N&O rightfully skewers Senate GOP leader

One of the chief distinguishing characteristics of the curent legislative leadership is the hyper-cynical, “ends-justify-the-means” brand of politics it practices. Whether it’s Speaker Thom Tillis’ public admission of his “divide and conquer” strategy or last month’s “midnight madness” session, the current legislative leadership will do and say pretty much whatever it takes to get its way.

Rep. Ray Rapp of Buncombe County reported at a forum in Asheville last night that he had counted 35 instances this past year in which the House Republican leadership had “called the question” (i.e. shut off debate) on the House floor. This is compared, he said, to seven times that Democrats in the House had taken such a step in the previous four years.

Given this backdrop, it’s no surprise that conservative leaders (and the assistants acting in their names) would feel free to turn their Twitter accounts into fonts of false propaganda. Who would bother to call them on it – right?

Fortunately, while most of the misleading tweets do go unchallenged, Raleigh’s News & Observer provided an important public service this morning by challenging one particularly noxious and dishonest tweet from the office of State Senate president Pro Tem, Phil Berger on the subject of the Racial Justice Act.

Click here to read this excellent editorial.


  1. david esmay

    February 9, 2012 at 4:13 pm

    Tillis and Berger are not going to let ethics and principles get in the way of their agenda.

  2. frances

    February 10, 2012 at 3:01 pm

    Now why in this world would a leader in North Carolina want someone put to death for rape, murder etc. Further still, why would a leader in NC object to somone being released from prison who had brutally raped a young woman, killed her child and commited other horrible crimes. I know his IQ was low he must not have understood when he was repeatedly raping her. I think it must make the victims less dead and the families have to live with less hurt and pain if their IQ was low. I am sure there is something Berger is not seeing.

  3. J.M. Wing

    February 11, 2012 at 1:17 pm

    It is a sign of the shameful, almost pathological, mindset of the right that, as the message above states about our legislature, “…[they] will pretty much do and say pretty much whatever it takes to get its way,” which obviously includes “…[turning] their Twitter accounts into fonts of false propaganda.” And it is disheartening that there are those who adapt the same lies, the same utterly fallacious and sick logic, in support, as can be seen here.
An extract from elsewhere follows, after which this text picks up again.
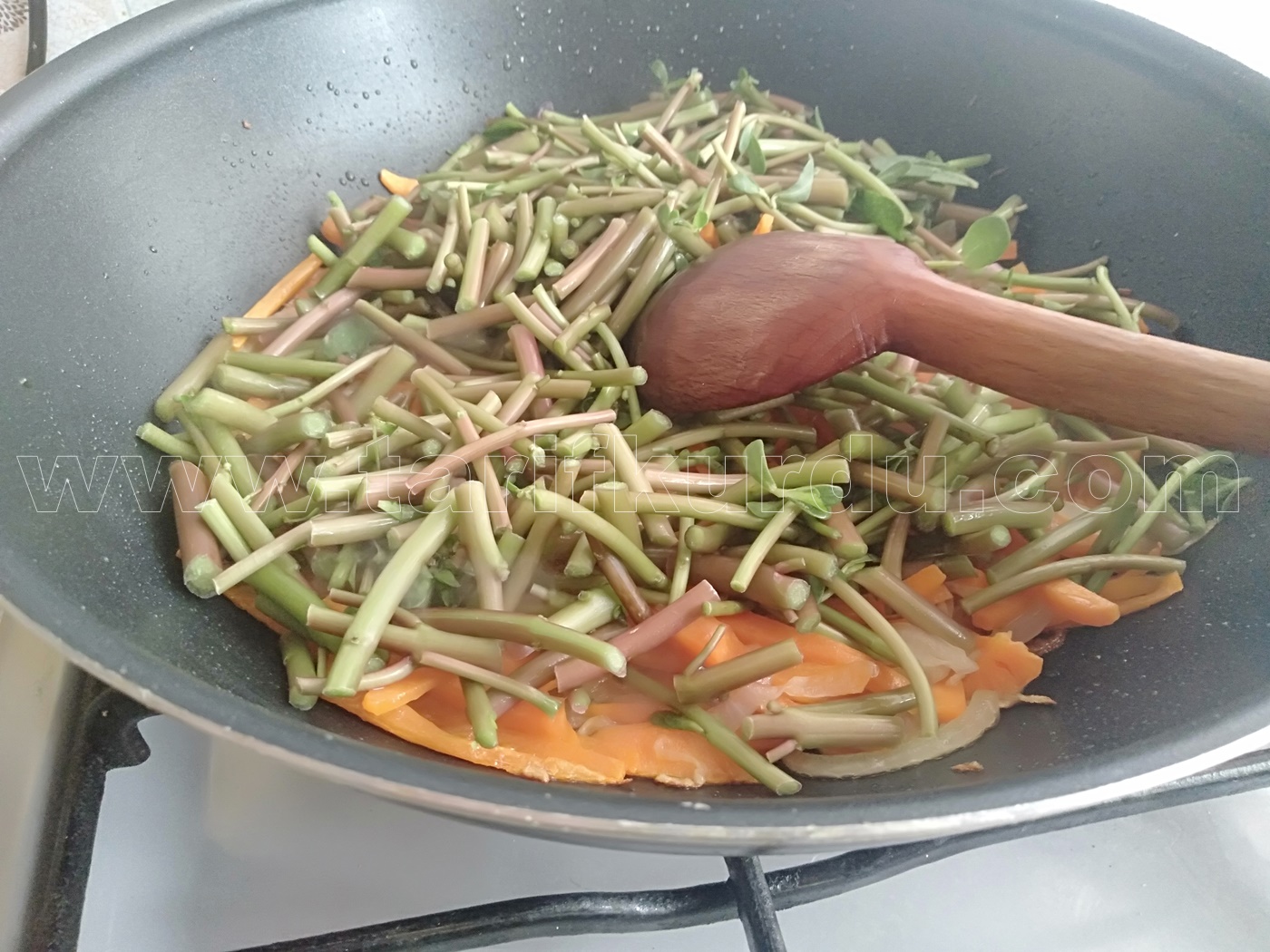 Biraz solduktan sonra içerisine yıkayıp ayıkladığımız semizotunun sap kısımlarını da doğrayıp koyalım.

    If one READS the editorial, or, even a Wikipedia definition of the Racial Justice Act, then s/he would realize that a person sentenced to death must first make and win a case that they were convicted and sentenced to death based on race. IF they make that case, which our state prosecutors can fight, THEN they are “rewarded” with a life sentence that offers NO POSSIBILITY of parole. There is significant case law that ensures any convict that has his/her death sentence converted to life without parole will remain in prison until they die.

    The inmate mentioned in the N&O editorial was not judged to have a low IQ (like some who post comments on web sites); he was diagnosed by a medical professional to be mentally retarded. Mental retardation is a condition that has symptoms, and is therefore diagnosed by medical professionals. It is not a syndrome, like Attention Deficit Disorder.

    The N&O editorial rightly points out that Phil Berger, in reaction to news that a prisoner had is sentence changed to life without parole, DID disseminate a patent lie by association (and probably other lies) about the Racial Justice Act. It was recorded on his Twitter account.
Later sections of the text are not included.